_Problem description_
Exclude the pictures. Transcribe, exactly as written, the lines from the one with "सर्वोच्च न्यायालयाचे सरन्यायाधीश" through the end of the entries below.

_Dataset content_
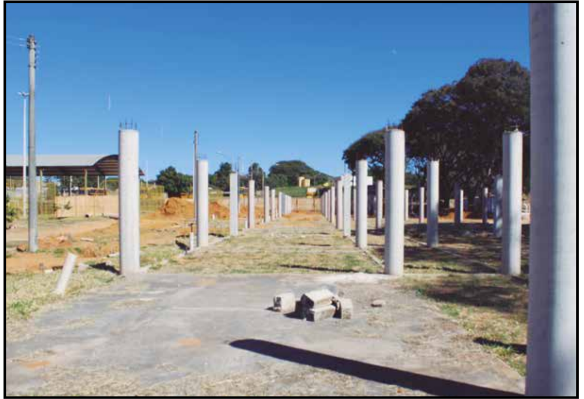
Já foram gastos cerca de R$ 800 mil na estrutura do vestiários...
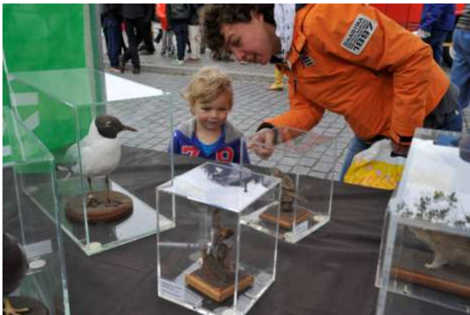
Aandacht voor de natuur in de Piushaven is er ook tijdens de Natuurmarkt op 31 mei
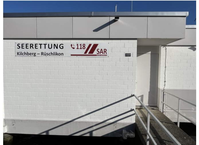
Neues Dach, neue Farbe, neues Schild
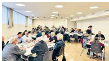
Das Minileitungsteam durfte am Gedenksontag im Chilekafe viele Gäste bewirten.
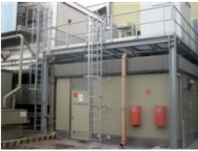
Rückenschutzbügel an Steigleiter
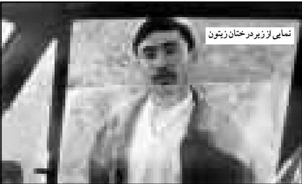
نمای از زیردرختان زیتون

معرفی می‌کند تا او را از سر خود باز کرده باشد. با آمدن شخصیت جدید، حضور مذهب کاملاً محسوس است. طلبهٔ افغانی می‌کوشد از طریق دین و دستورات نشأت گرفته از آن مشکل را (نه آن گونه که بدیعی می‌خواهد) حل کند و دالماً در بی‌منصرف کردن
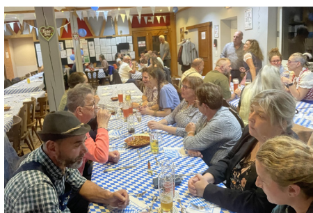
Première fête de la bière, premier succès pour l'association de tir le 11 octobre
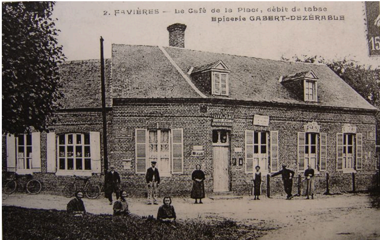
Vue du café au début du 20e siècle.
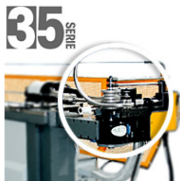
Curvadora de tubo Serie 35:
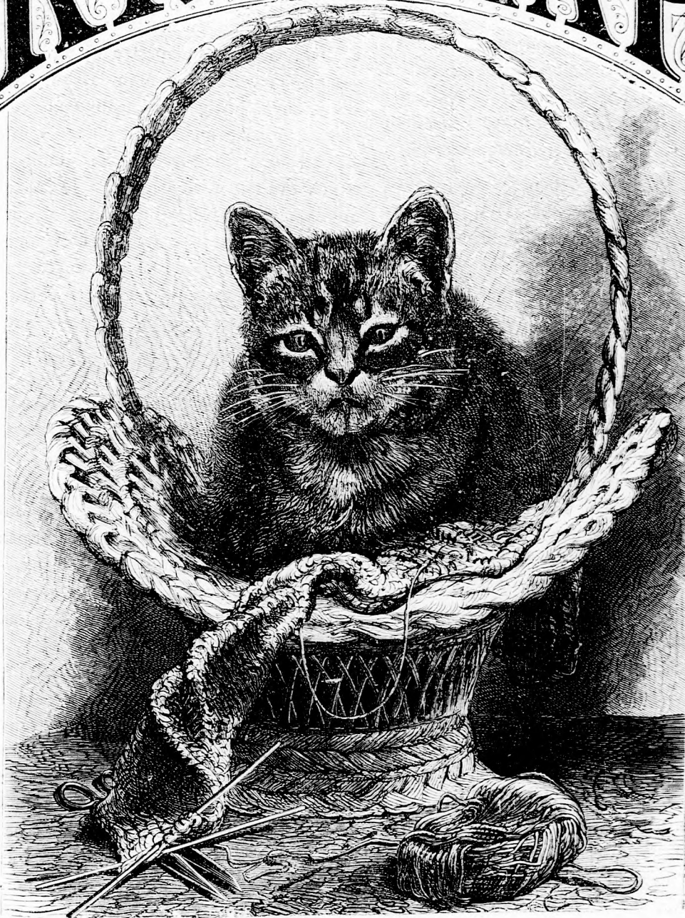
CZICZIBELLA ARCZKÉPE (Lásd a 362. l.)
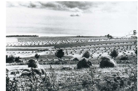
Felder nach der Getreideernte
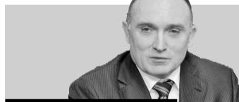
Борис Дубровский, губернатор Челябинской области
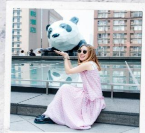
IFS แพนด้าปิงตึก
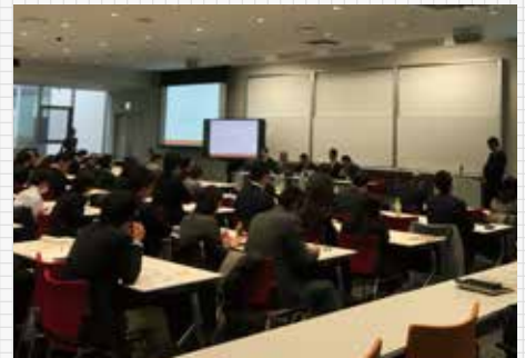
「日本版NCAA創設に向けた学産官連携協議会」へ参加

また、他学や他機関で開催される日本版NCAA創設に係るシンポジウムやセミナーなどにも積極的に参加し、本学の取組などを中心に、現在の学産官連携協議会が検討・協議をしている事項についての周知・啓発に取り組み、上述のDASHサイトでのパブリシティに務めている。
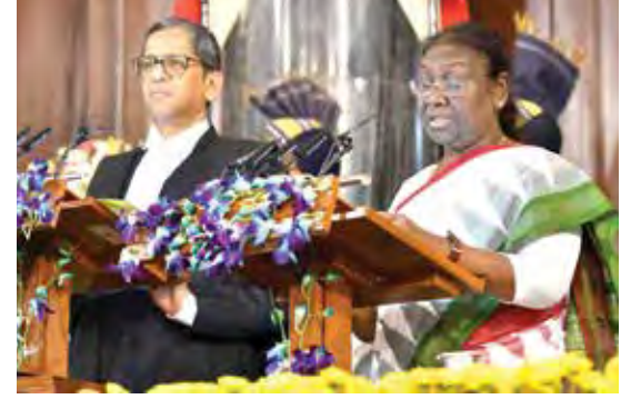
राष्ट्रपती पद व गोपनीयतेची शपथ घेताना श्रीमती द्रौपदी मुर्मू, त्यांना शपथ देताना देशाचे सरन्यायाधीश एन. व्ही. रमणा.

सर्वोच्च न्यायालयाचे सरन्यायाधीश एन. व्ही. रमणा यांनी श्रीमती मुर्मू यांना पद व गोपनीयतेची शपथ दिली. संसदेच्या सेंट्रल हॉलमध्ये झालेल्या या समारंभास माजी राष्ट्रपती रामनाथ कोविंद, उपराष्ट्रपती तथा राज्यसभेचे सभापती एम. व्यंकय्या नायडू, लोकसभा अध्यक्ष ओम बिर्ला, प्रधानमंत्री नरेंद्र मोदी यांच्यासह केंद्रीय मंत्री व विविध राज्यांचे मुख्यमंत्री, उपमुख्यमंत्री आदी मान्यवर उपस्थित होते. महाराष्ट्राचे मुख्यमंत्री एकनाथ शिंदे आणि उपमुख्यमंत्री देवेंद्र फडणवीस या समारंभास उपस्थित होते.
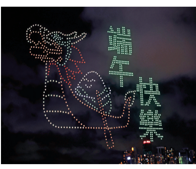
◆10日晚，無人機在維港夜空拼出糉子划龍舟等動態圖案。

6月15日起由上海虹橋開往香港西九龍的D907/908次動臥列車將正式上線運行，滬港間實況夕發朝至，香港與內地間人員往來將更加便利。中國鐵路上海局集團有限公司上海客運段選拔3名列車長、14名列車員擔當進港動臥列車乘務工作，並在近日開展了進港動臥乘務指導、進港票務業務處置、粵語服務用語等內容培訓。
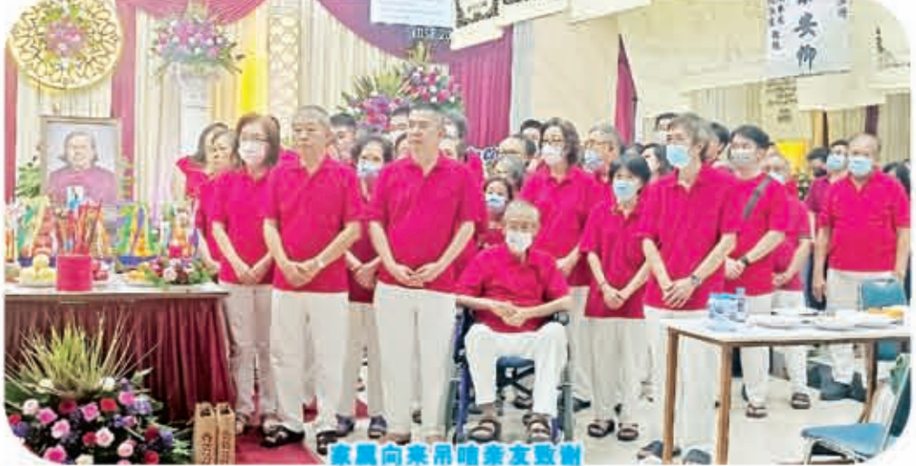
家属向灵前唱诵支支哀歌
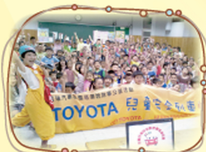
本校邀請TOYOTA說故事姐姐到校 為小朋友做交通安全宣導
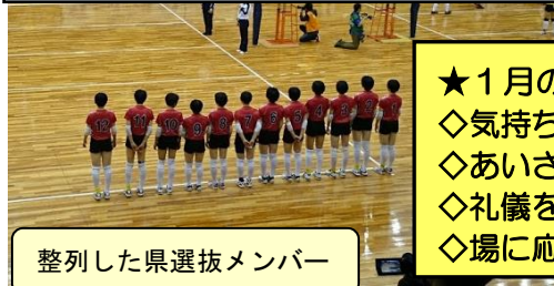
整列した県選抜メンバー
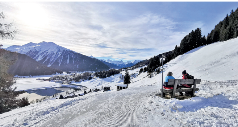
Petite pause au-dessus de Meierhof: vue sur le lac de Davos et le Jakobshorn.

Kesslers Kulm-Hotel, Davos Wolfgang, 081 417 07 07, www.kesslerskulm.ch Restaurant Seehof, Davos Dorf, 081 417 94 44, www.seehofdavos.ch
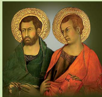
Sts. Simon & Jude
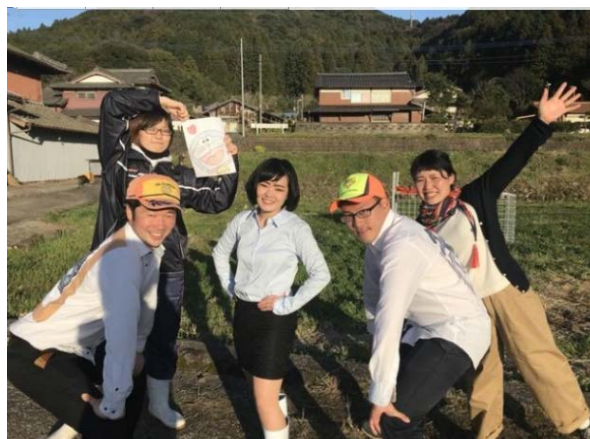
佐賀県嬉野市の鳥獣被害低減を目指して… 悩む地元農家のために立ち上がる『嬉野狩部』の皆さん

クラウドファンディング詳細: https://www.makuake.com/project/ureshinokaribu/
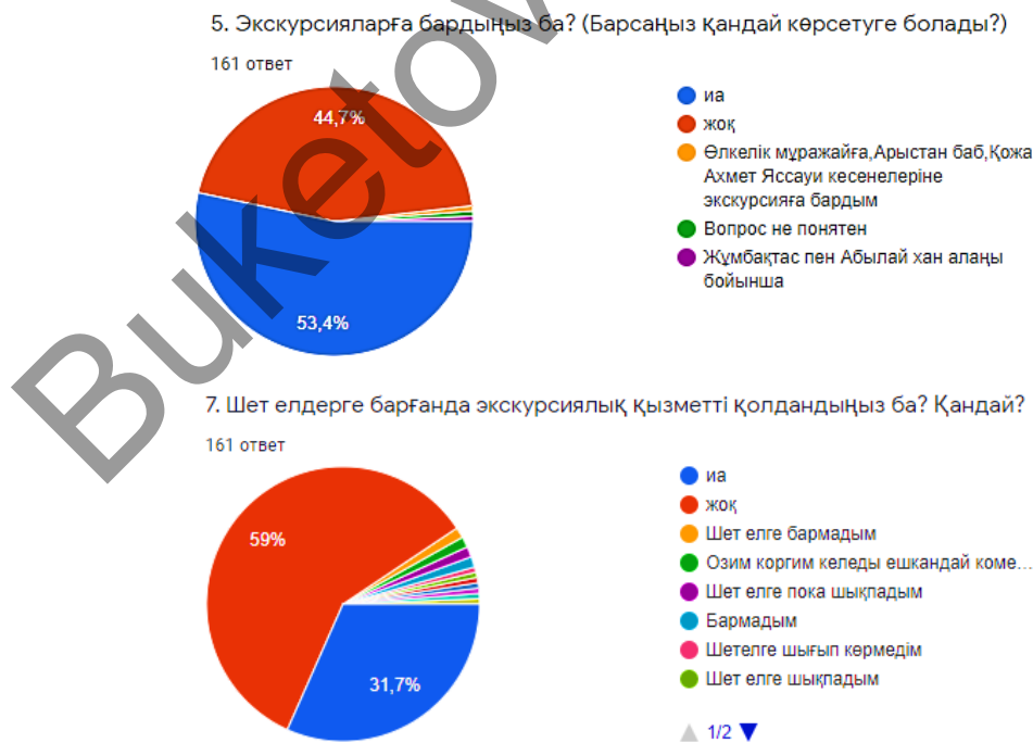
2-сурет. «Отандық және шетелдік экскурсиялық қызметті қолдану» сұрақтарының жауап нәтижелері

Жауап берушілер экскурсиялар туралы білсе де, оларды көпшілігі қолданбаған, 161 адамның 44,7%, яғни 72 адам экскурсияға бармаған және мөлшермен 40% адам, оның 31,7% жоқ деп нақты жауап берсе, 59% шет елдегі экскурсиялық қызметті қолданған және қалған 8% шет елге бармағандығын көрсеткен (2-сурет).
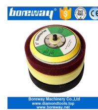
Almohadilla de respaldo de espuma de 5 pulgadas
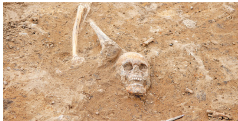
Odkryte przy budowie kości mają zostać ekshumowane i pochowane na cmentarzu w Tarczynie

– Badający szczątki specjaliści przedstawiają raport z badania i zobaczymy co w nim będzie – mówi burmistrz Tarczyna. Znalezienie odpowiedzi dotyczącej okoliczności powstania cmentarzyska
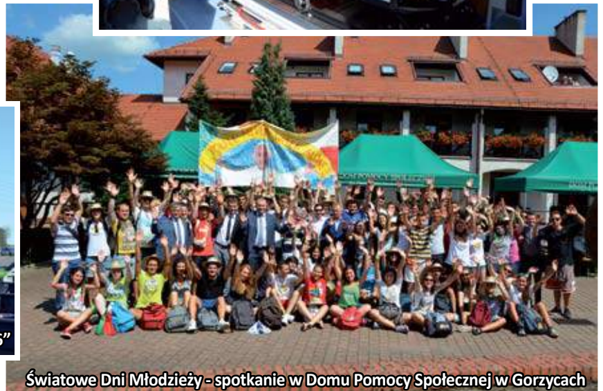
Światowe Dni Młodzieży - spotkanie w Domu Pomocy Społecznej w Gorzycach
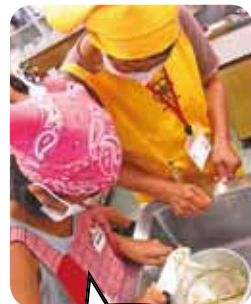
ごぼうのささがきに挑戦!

_Written answer_
सर्वोच्च न्यायालयाचे सरन्यायाधीश एन. व्ही. रमणा यांनी श्रीमती मुर्मू यांना पद व गोपनीयतेची शपथ दिली. संसदेच्या सेंट्रल हॉलमध्ये झालेल्या या समारंभास माजी राष्ट्रपती रामनाथ कोविंद, उपराष्ट्रपती तथा राज्यसभेचे सभापती एम. व्यंकय्या नायडू, लोकसभा अध्यक्ष ओम बिर्ला, प्रधानमंत्री नरेंद्र मोदी यांच्यासह केंद्रीय मंत्री व विविध राज्यांचे मुख्यमंत्री, उपमुख्यमंत्री आदी मान्यवर उपस्थित होते. महाराष्ट्राचे मुख्यमंत्री एकनाथ शिंदे आणि उपमुख्यमंत्री देवेंद्र फडणवीस या समारंभास उपस्थित होते.
◆10日晚，無人機在維港夜空拼出糉子划龍舟等動態圖案。

6月15日起由上海虹橋開往香港西九龍的D907/908次動臥列車將正式上線運行，滬港間實況夕發朝至，香港與內地間人員往來將更加便利。中國鐵路上海局集團有限公司上海客運段選拔3名列車長、14名列車員擔當進港動臥列車乘務工作，並在近日開展了進港動臥乘務指導、進港票務業務處置、粵語服務用語等內容培訓。
家属向灵前唱诵支支哀歌
本校邀請TOYOTA說故事姐姐到校 為小朋友做交通安全宣導
整列した県選抜メンバー
Petite pause au-dessus de Meierhof: vue sur le lac de Davos et le Jakobshorn.

Kesslers Kulm-Hotel, Davos Wolfgang, 081 417 07 07, www.kesslerskulm.ch Restaurant Seehof, Davos Dorf, 081 417 94 44, www.seehofdavos.ch
Sts. Simon & Jude
佐賀県嬉野市の鳥獣被害低減を目指して… 悩む地元農家のために立ち上がる『嬉野狩部』の皆さん

クラウドファンディング詳細: https://www.makuake.com/project/ureshinokaribu/
2-сурет. «Отандық және шетелдік экскурсиялық қызметті қолдану» сұрақтарының жауап нәтижелері

Жауап берушілер экскурсиялар туралы білсе де, оларды көпшілігі қолданбаған, 161 адамның 44,7%, яғни 72 адам экскурсияға бармаған және мөлшермен 40% адам, оның 31,7% жоқ деп нақты жауап берсе, 59% шет елдегі экскурсиялық қызметті қолданған және қалған 8% шет елге бармағандығын көрсеткен (2-сурет).
Almohadilla de respaldo de espuma de 5 pulgadas
Odkryte przy budowie kości mają zostać ekshumowane i pochowane na cmentarzu w Tarczynie

– Badający szczątki specjaliści przedstawiają raport z badania i zobaczymy co w nim będzie – mówi burmistrz Tarczyna. Znalezienie odpowiedzi dotyczącej okoliczności powstania cmentarzyska
Światowe Dni Młodzieży - spotkanie w Domu Pomocy Społecznej w Gorzycach
ごぼうのささがきに挑戦!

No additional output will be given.